> TASK TO COMPLETE: From the line containing "которая через порт" to the end of the records below, both included, every line should be repeated exactly; pictures should be dropped.

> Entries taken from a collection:
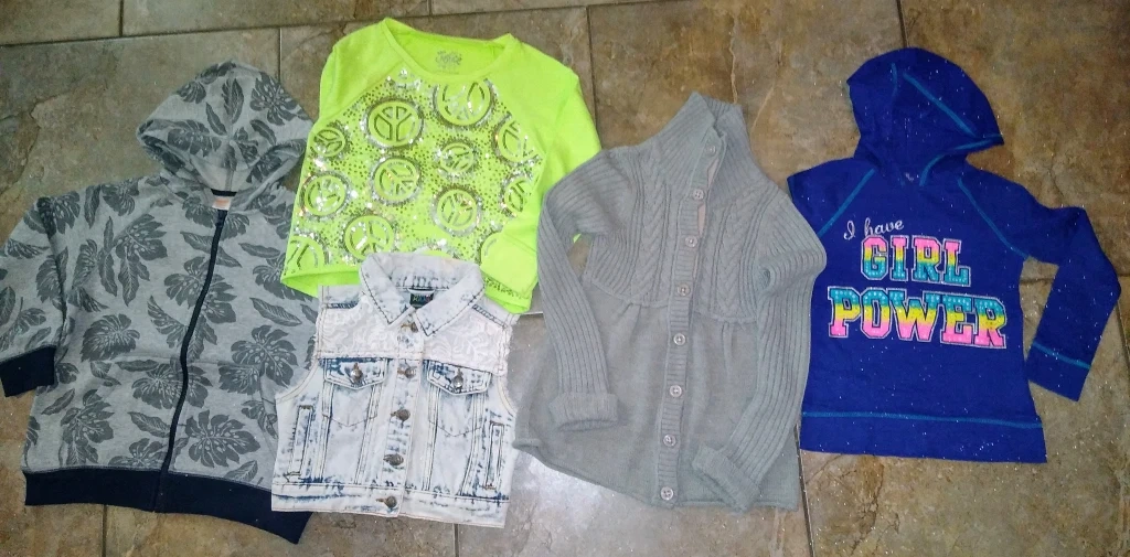Lots of girl's clothes in like-new condition. There are shirts, pants, sweaters, skirts, dresses, pyjamas and shorts. Many to choose from. Lot of 10 items for $20 or you can pick individual items for $3 each. Many sizes available. From a smoke and pet free home.
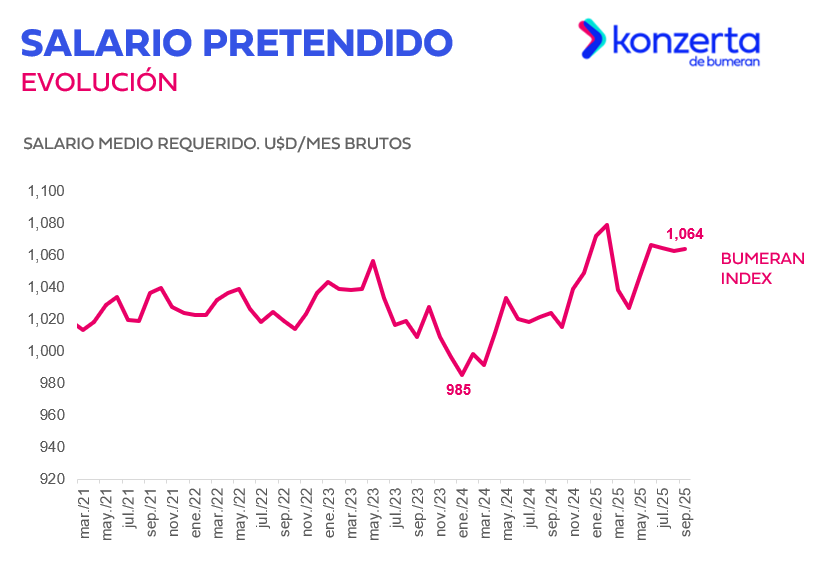 El salario promedio pretendido en septiembre fue de $1,064, lo que representa un incremento de 0.15% con respecto al mes anterior. En la comparativa interanual el salario registra un aumento del 3,95% respecto a septiembre del 2024.
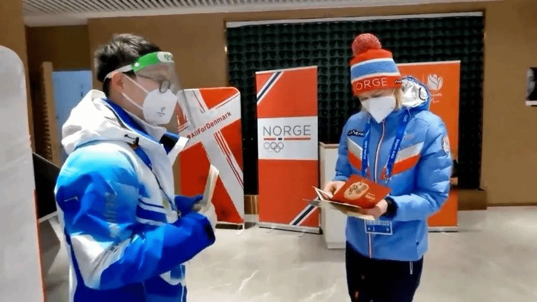 2022年2月1日,北京外国语大学驻北京冬奥村志愿者为参加北京冬奥会的挪威代表团送去新春祝福。
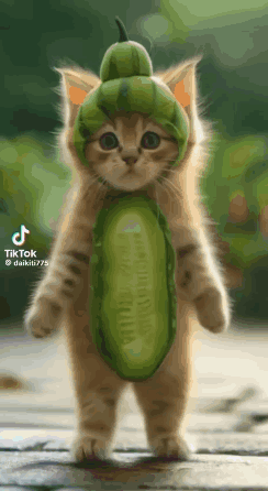Paglalarawan ng Content: a kitten is wearing a cucumber costume and standing on a wooden surface .
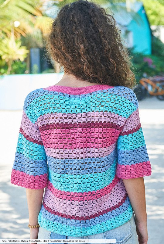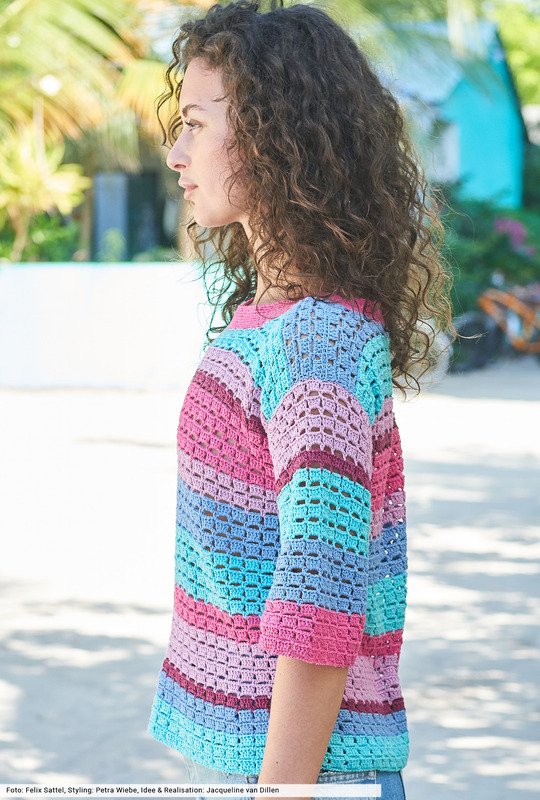 Anziehen, rausgehen und den Sommer leben – mit diesem hübschen Häkelshirt aus fünf verschiedenen Farben geht's direkt an den Strand. Das kühle Seiden-Baumwollgarn bildet die perfekte Basis und verspricht höchsten Tragekomfort. Für das interessante Muster haben wir eine Häkelschrift angefertigt, mit der du schnell zum Erfolg kommst. Die gerade geschnittene Silhouette ist anfängerleicht und auch die breite Halsblende häkelt sich nach wenigen Runden wie von selbst.
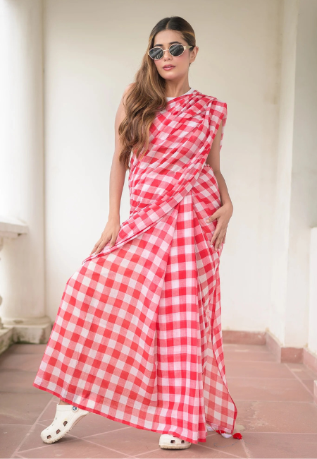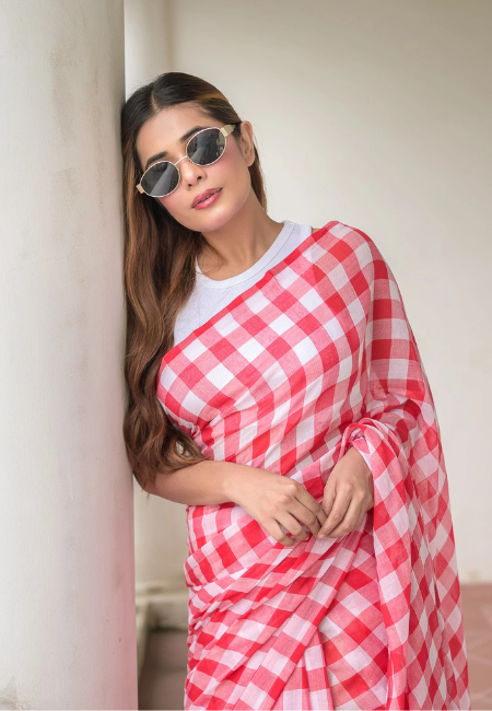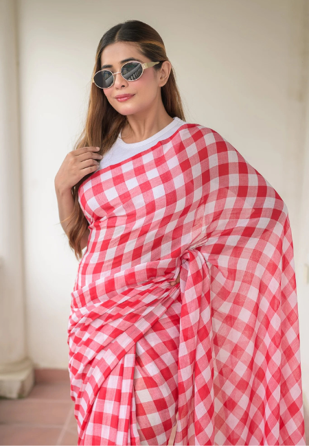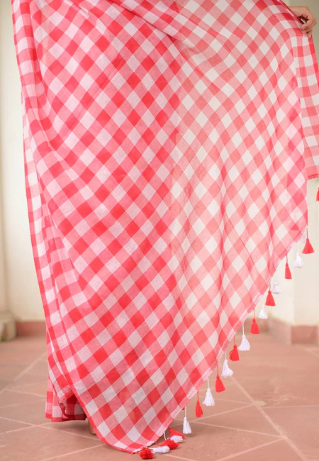 Crafted from premium pure mul cotton, this saree is exceptionally soft, airy, and lightweight — making it an ideal choice for warm weather. The timeless red and white checkered pattern adds a vibrant yet minimal aesthetic that never goes out of style. Its breathable weave ensures all-day comfort, while the fluid drape enhances your natural silhouette with grace. The beautifully finished pallu with tassel detailing adds a playful traditional touch.
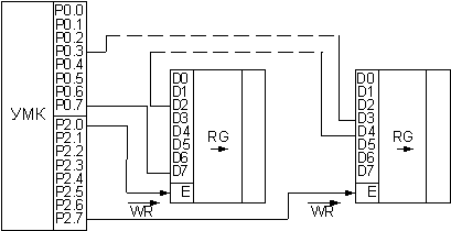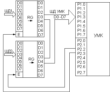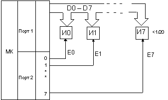 которая через порт 2 подает сигнал разрешения Е на соответствующий разряд
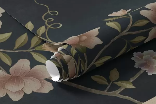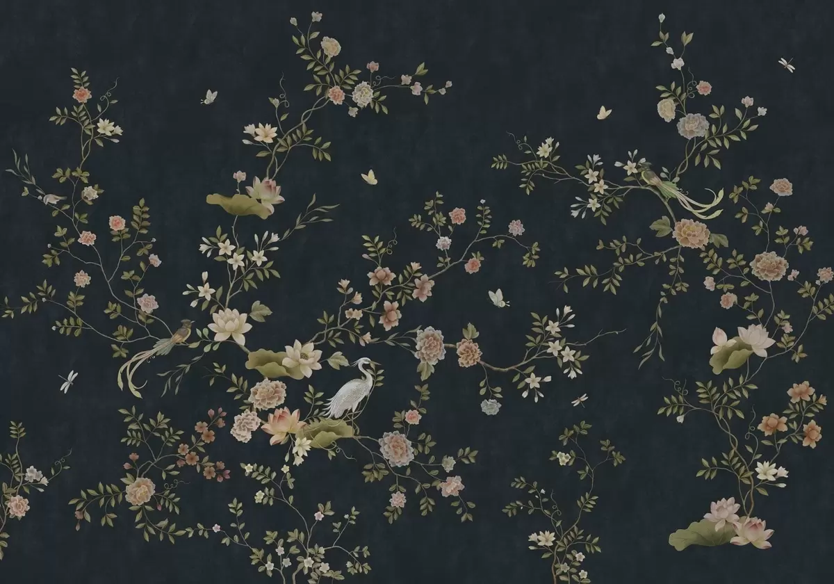 Fototapetai Žydinčios šakos su paukščiais ant tamsaus fono Nr. w05416v3

> ANSWER FOR THE TASK:
 которая через порт 2 подает сигнал разрешения Е на соответствующий разряд
 Fototapetai Žydinčios šakos su paukščiais ant tamsaus fono Nr. w05416v3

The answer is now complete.